# Spitfire MKV and Merlin45 in 1941



## Kwiatek (Apr 11, 2009)

H!

I making some realism mod for IL1946 and need info about performance of Spitfire MK V with Merlin 45.

I have problem with Merlin 45 and boost which was used early in 1941. 

Most Spitfire MKV RAF test in 1941 was made using only + 9 lbs so performance of these plane was derated.

Spitfire Mk VB W.3134 Report

Some charts show that Spitfire MK V with Merlin 45 could get +12 lbs emergency power or even +16 lbs.













So how its really look? RAF didnt test Spitfre MKV initialy with emergency power? Or +12 lbs ( or +16 lbs) was initialy not allowed Merlin 45?

Any help?


----------



## HoHun (Apr 11, 2009)

Hi Kwiatek,

>So how its really look? RAF didnt test Spitfre MKV initialy with emergency power? Or +12 lbs ( or +16 lbs) was initialy not allowed Merlin 45?

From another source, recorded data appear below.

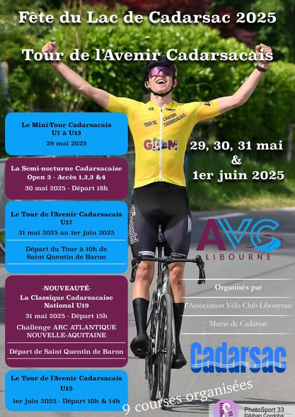 L'AVC Libourne organise, le samedi 31 mai, à Cadarsac (Gironde), la première édition de la Classique Cadarsaquaise (Fédérale Juniors). Au programme : 104,2 kilomètres. Le départ sera donné à 15h depuis la commune de Saint-Quentin-de-Baron, et l'arrivée sera jugée à Cadarsac.
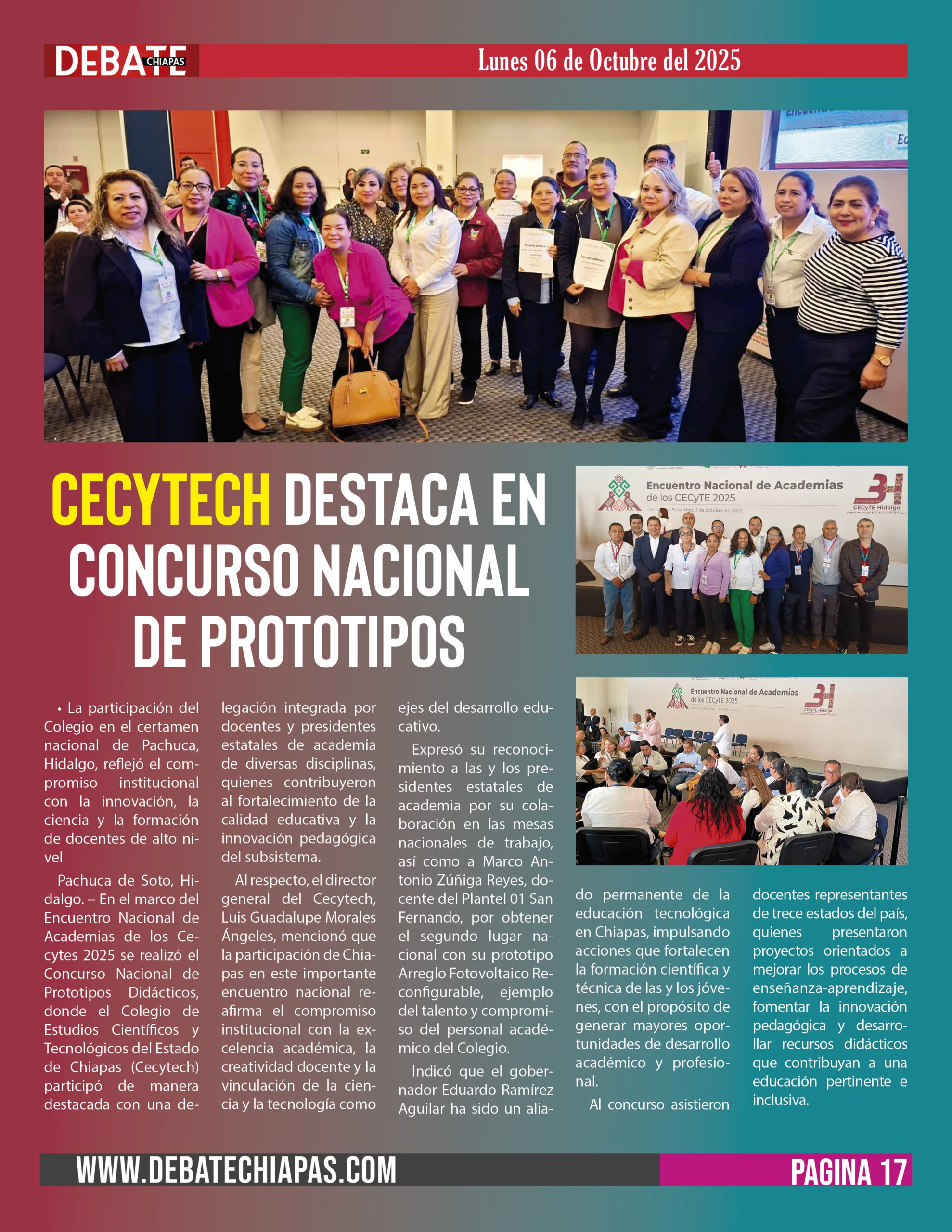 Pachuca de Soto, Hidalgo. – En el marco del Encuentro Nacional de Academias de los Cecytes 2025 se realizó el Concurso Nacional de Prototipos Didácticos, donde el Colegio de Estudios Científicos y Tecnológicos del Estado de Chiapas (Cecytech) participó de manera destacada con una delegación integrada por docentes y presidentes estatales de academia de diversas disciplinas, quienes contribuyeron al fortalecimiento de la calidad educativa y la innovación pedagógica del subsistema.
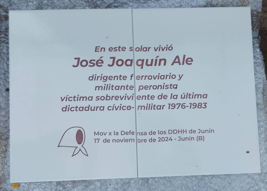 En un acto cargado de emociones y recuerdos, el Movimiento por la Defensa de los Derechos Humanos llevó a cabo la colocación de una Baldosa por la Memoria en homenaje a José Ale, víctima de la Dictadura Militar y testigo sobreviviente de aquel oscuro período.
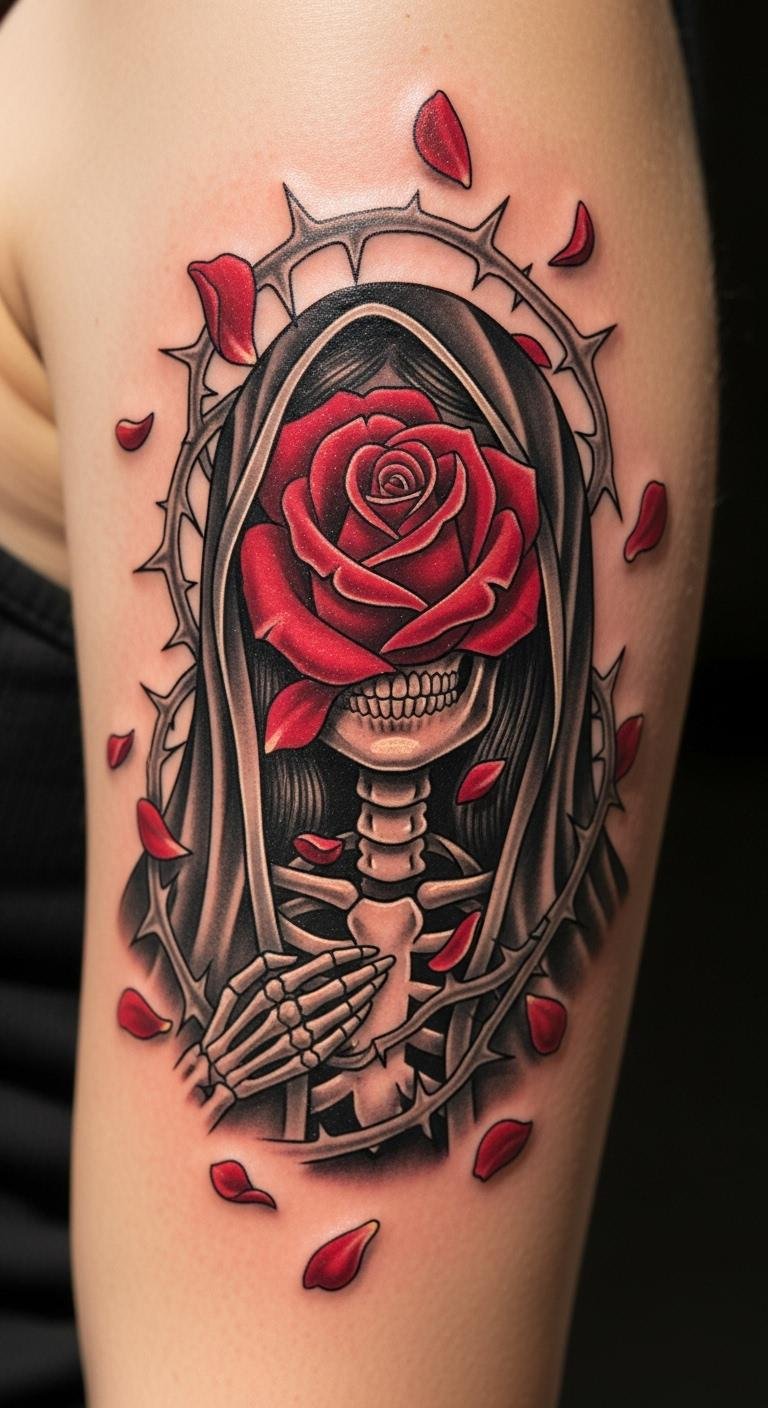 Roses personalize Santa Muerte tattoos, adding emotion and beauty. Try it on your finger for a discreet touch. This element brings warmth to the design. Draw roses with colored pens on scrap paper. Make them twist around figures. For budget ideas, use flower stickers as guides. Apply temporarily to check fit. Discuss custom additions with an artist at lower rates. This tweak makes your tattoo stand out affordably.
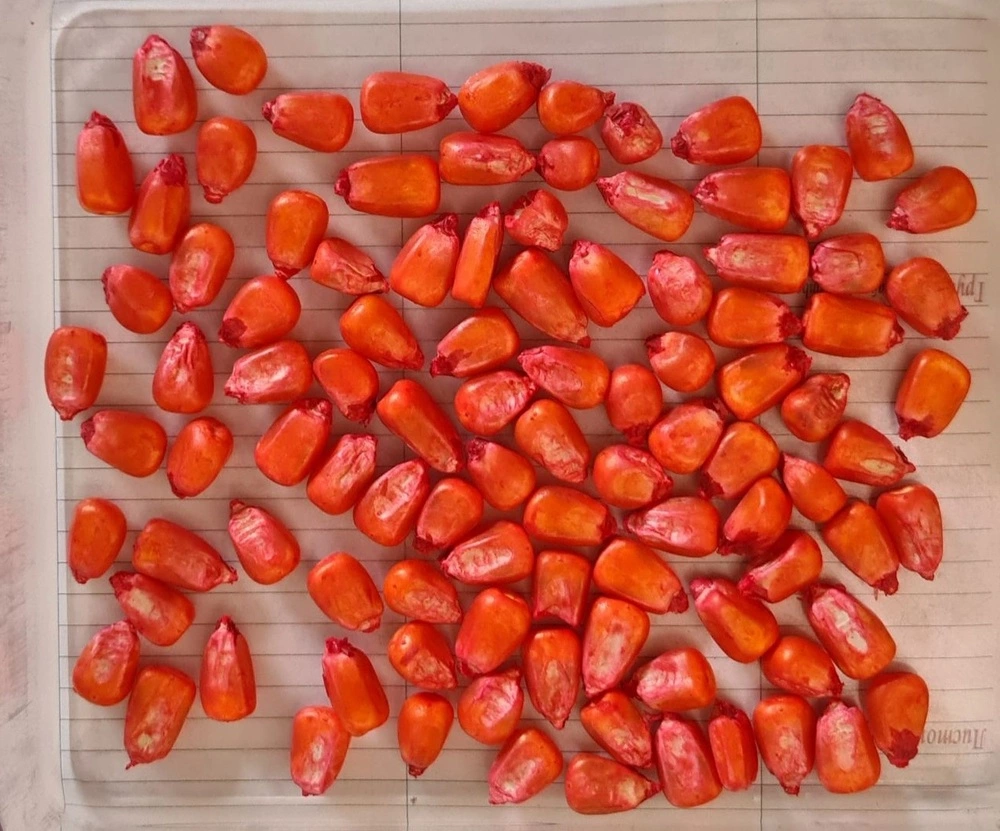 Зерно желто-оранжевое, иногда проявляются красные полосы, зубоподобное.

It's pretty certain that the +16 lbs/sqin rating resulted from technical changes implemented in about August 1942 and communicated to the squadrons by an Air Ministry memorandum, reproduced in Price' "Spitfire - The Complete Fighting History".

It's not entirely certain if the Spitfire V was initally cleared for +12 lbs/sqin, or if it started into service with +9 lbs/sqin only. I tend towards the latter opinion.

I think there was an in-depth discussion of this topic already here on this board, but I can't seem to find it currently 

Regards,

Henning (HoHun)


----------



## Kwiatek (Apr 11, 2009)

Thx HoHun for quick replay. So i think i got still a problem 

Difference between 9 lbs ans 12 lbs is very noticable at low to medium alt so it make big difference between Spit MK V and 109 F performance comparison.

Maby there is someone who can resolve it?


----------



## HoHun (Apr 11, 2009)

Hi Kwiatek,

Here is the old thread: http://www.ww2aircraft.net/forum/engines/merlin-40-series-performance-curves-16568.html

Regards,

Henning (HoHun)


----------



## claidemore (Apr 11, 2009)

It gets confusing comparing climb, all out level, takeoff and combat power levels. In a later date Merlin 45 the numbers would be 12 lbs takeoff, 9 lbs climb, 16 lbs combat (5 min.)

I always understood the numbers as being 9 lbs for *takeoff*, with 12 lbs emergency *combat *power (for 1941),,,,and 12 lbs *takeoff*, with 16 lbs emergency *combat *power (for 1942). 

They also used different boost levels at different rpms, for example, the Merlin XII used 12 lbs boost at 2270 rpm for takeoff (3 min), but 9 lbs boost at 3000 rpm for max combat (5 min).


----------